Could you repeat exactly the lines from the one containing "Snygg svart axelväska" through the last line of the records, with no pictures?

[Data items]
⟨

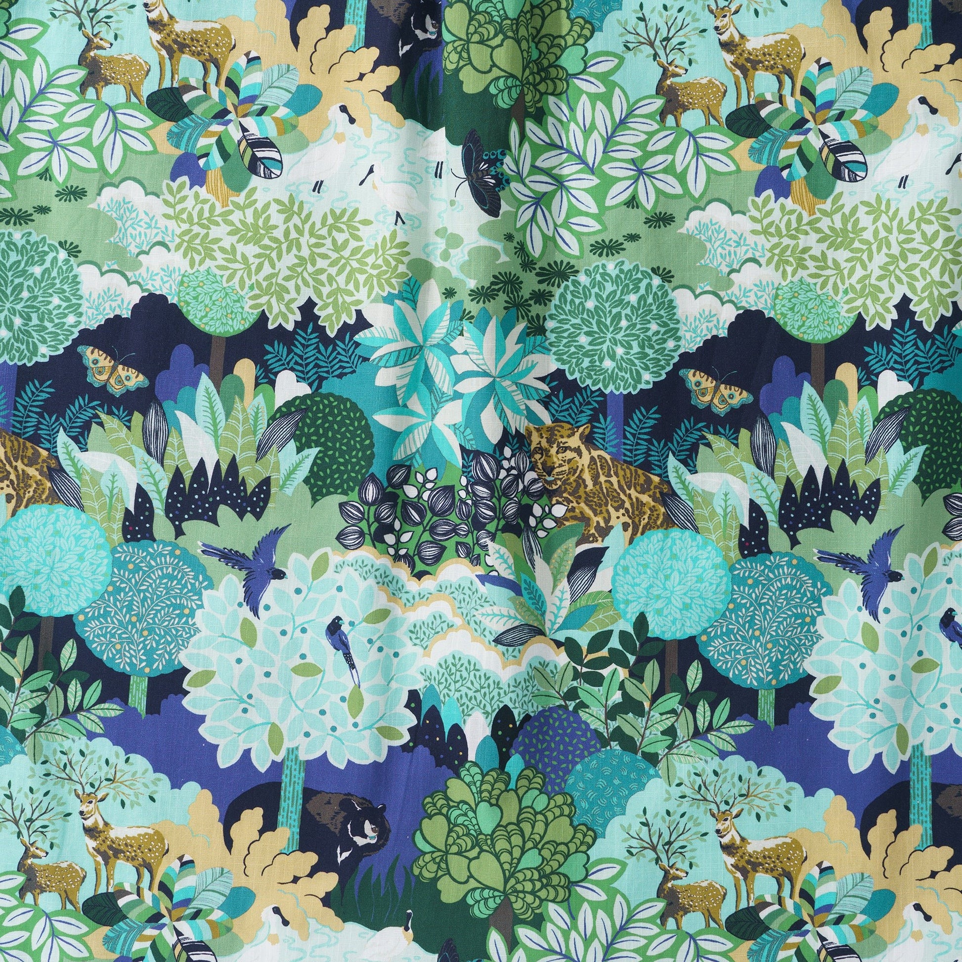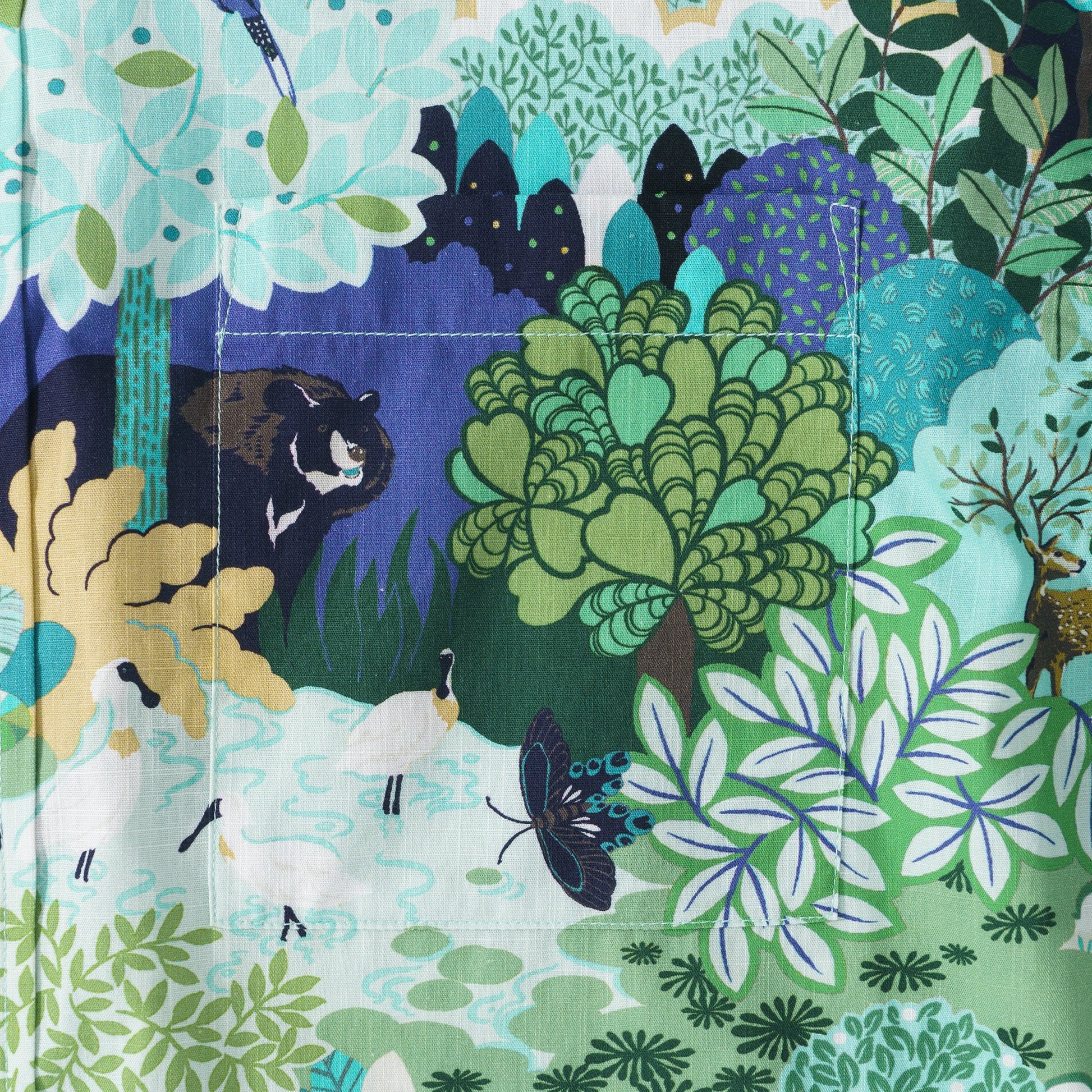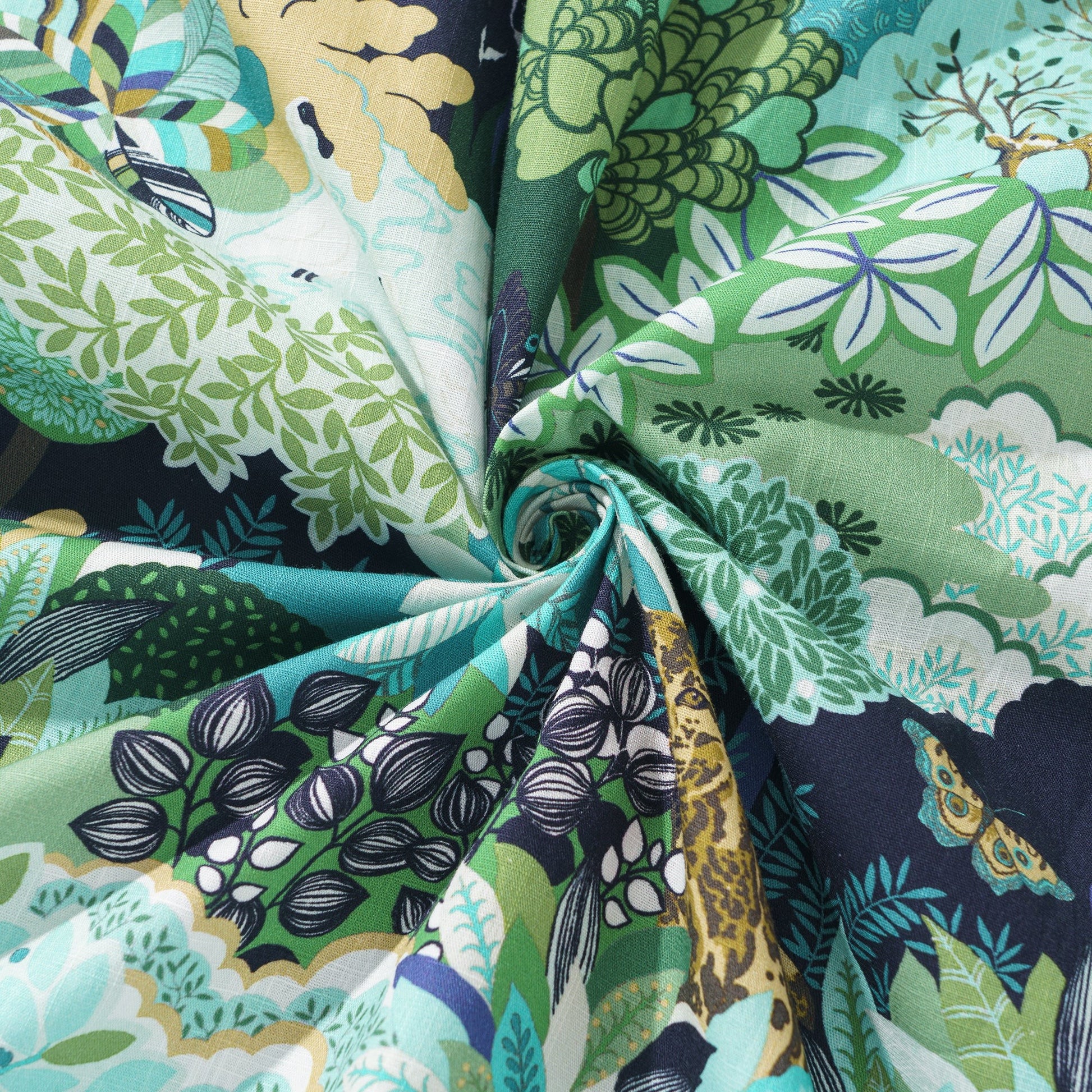 Renowned artist and textile designer Chris Chun brings to life the beauty of Taiwan's endangered species in his 'Formosan Wonderland' collection. Drawing inspiration from the island's rich natural environment and commitment to wildlife conservation, this captivating print reveals six hidden animals amidst a vibrant tapestry of lush trees and exotic plants.
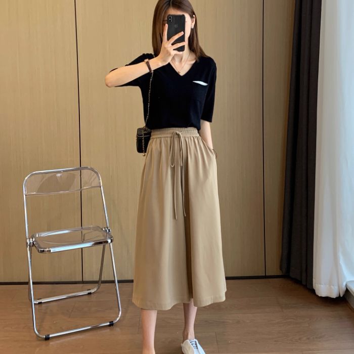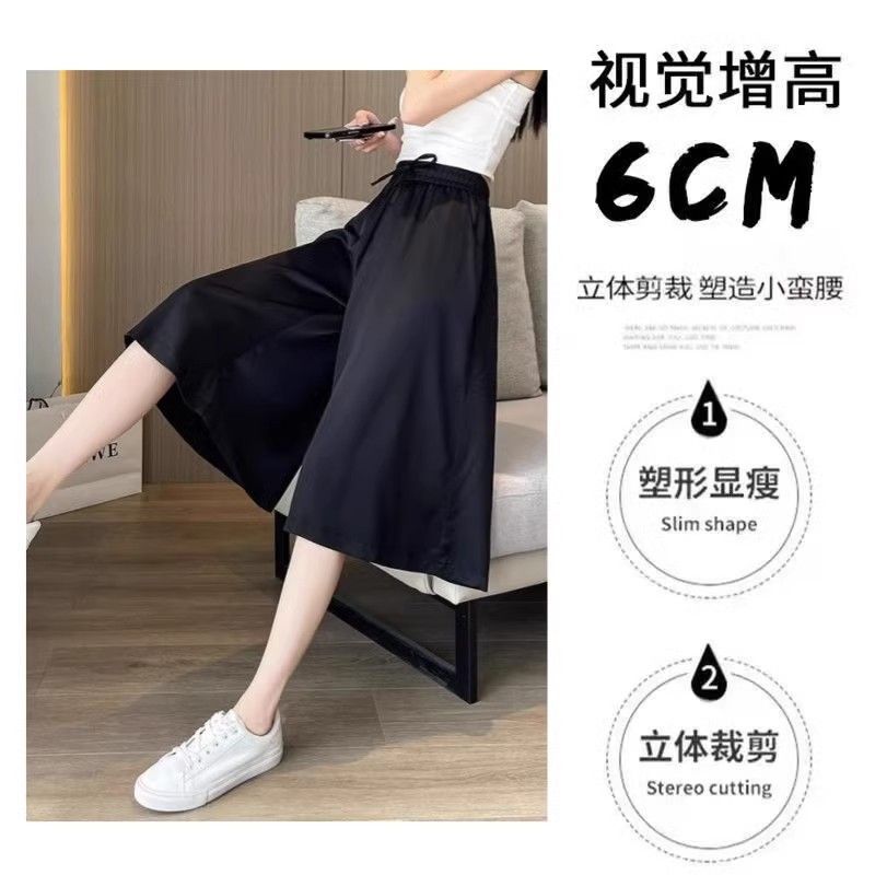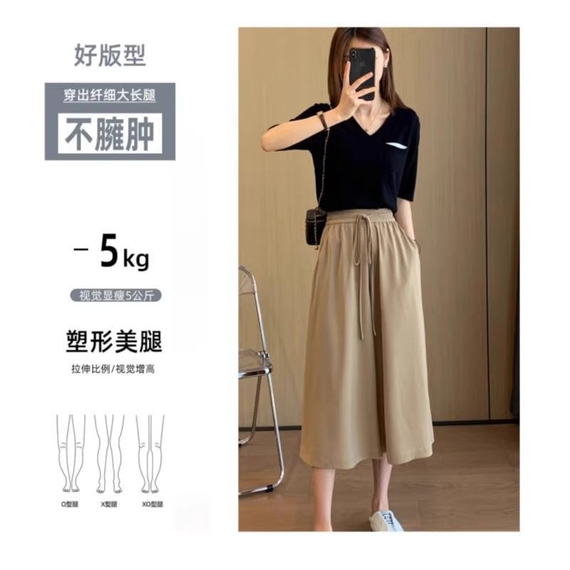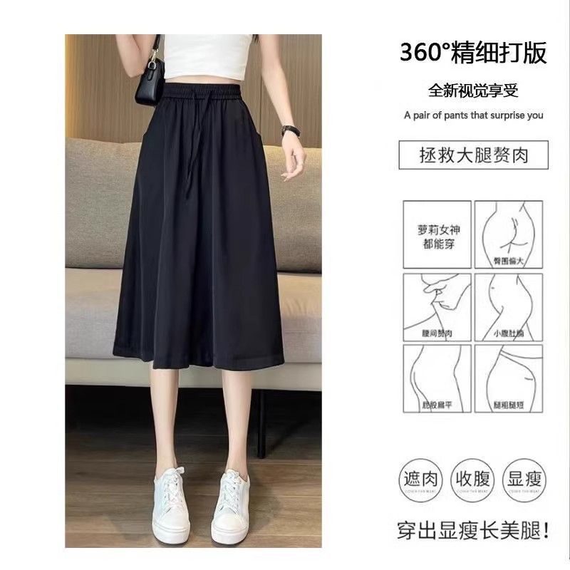 冰丝七分裤女夏季薄款2024新款小个子大码胖mm阔腿裤休闲a字裤裙
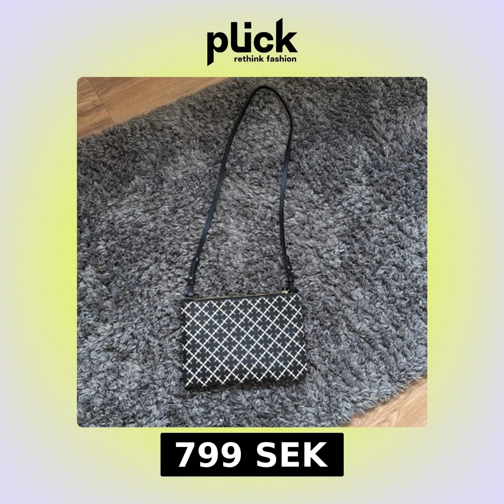 Snygg svart axelväska från By Marlene Birger med vitt rutmönster och guldfärgad dragkedja. Väskan har justerbart axelband och är perfekt för att bära det viktigaste. Klassisk och stilren design som passar till många tillfällen. Köpt på Nk för 900 aldrig använd prislapp borttagen för jag trodde jag skulle använda den kvitto och påse finns. Bandet kan tas bort.
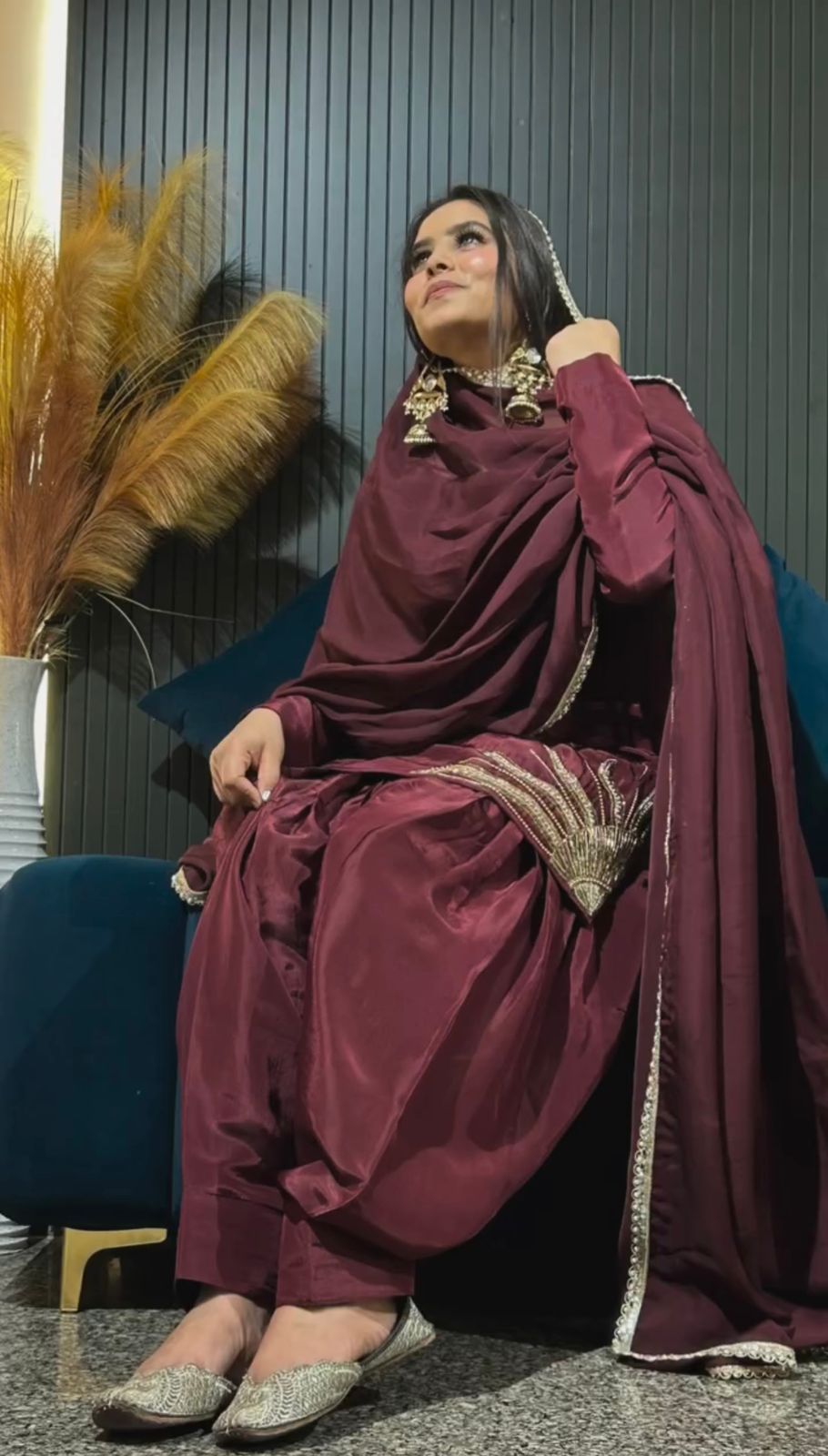 Wine Natural Crep Silk With Hand Work Salwar Suit
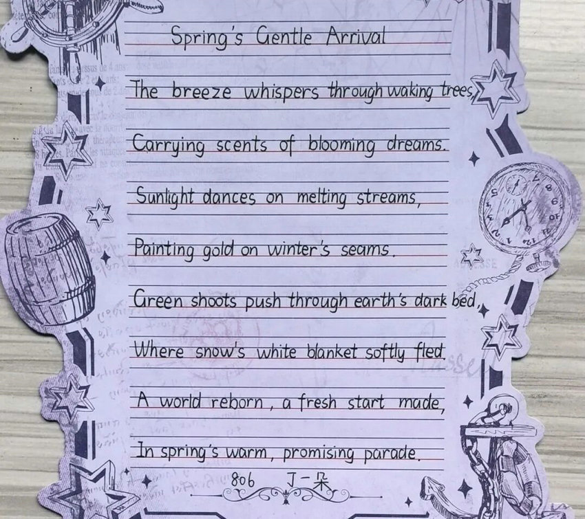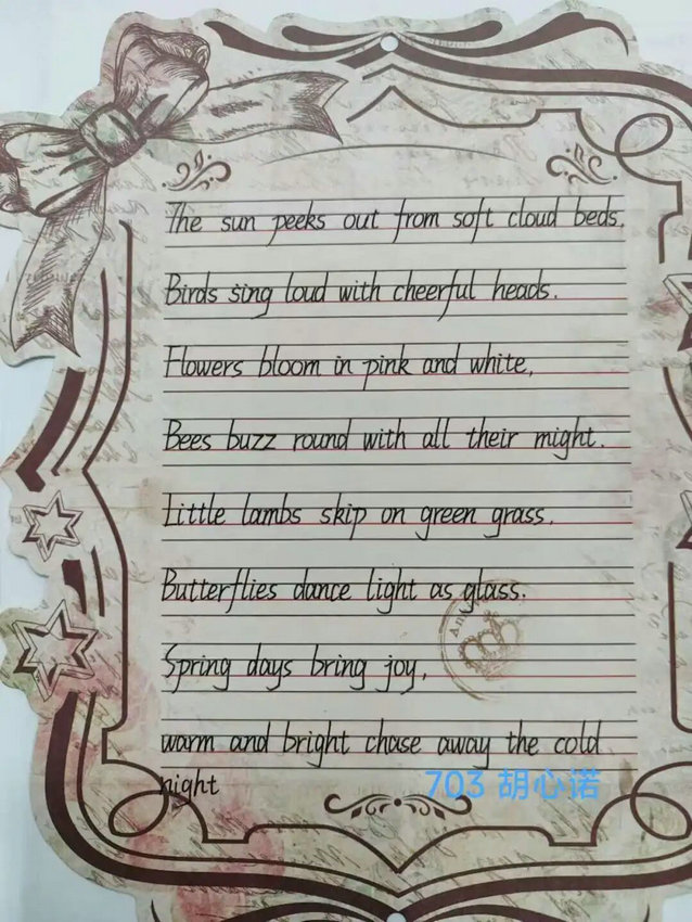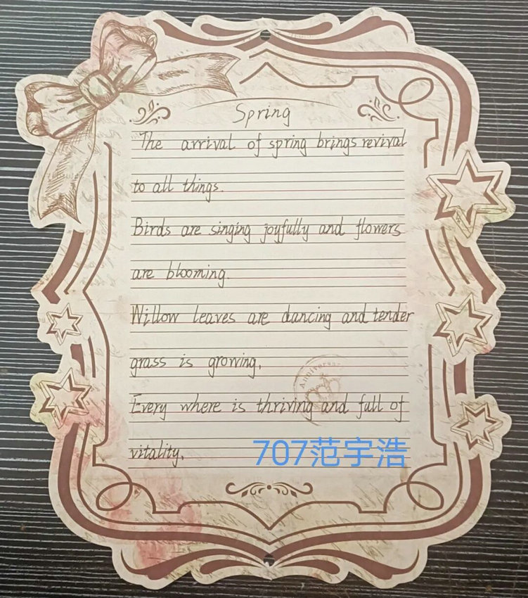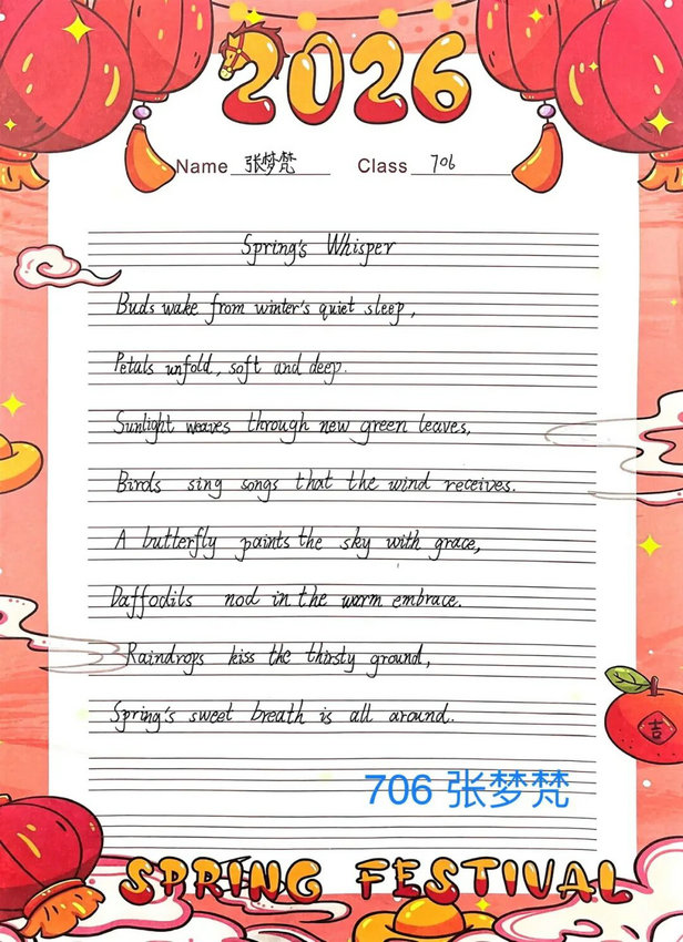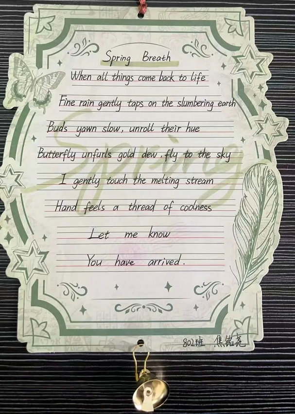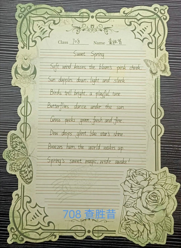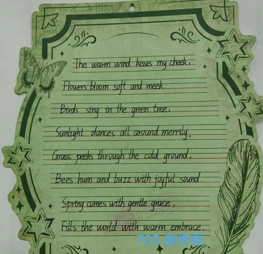 春风入诗,英文传情。灵动的文描摹春日盛景,抒写少年心怀。在词句韵律中我们邂逅诗意,在创作表达中我们品味语言之美,中西文化的交融,点亮了假期里的浪漫与才情。

⟩

== Result of this task ==
 Snygg svart axelväska från By Marlene Birger med vitt rutmönster och guldfärgad dragkedja. Väskan har justerbart axelband och är perfekt för att bära det viktigaste. Klassisk och stilren design som passar till många tillfällen. Köpt på Nk för 900 aldrig använd prislapp borttagen för jag trodde jag skulle använda den kvitto och påse finns. Bandet kan tas bort.
 Wine Natural Crep Silk With Hand Work Salwar Suit
 春风入诗,英文传情。灵动的文描摹春日盛景,抒写少年心怀。在词句韵律中我们邂逅诗意,在创作表达中我们品味语言之美,中西文化的交融,点亮了假期里的浪漫与才情。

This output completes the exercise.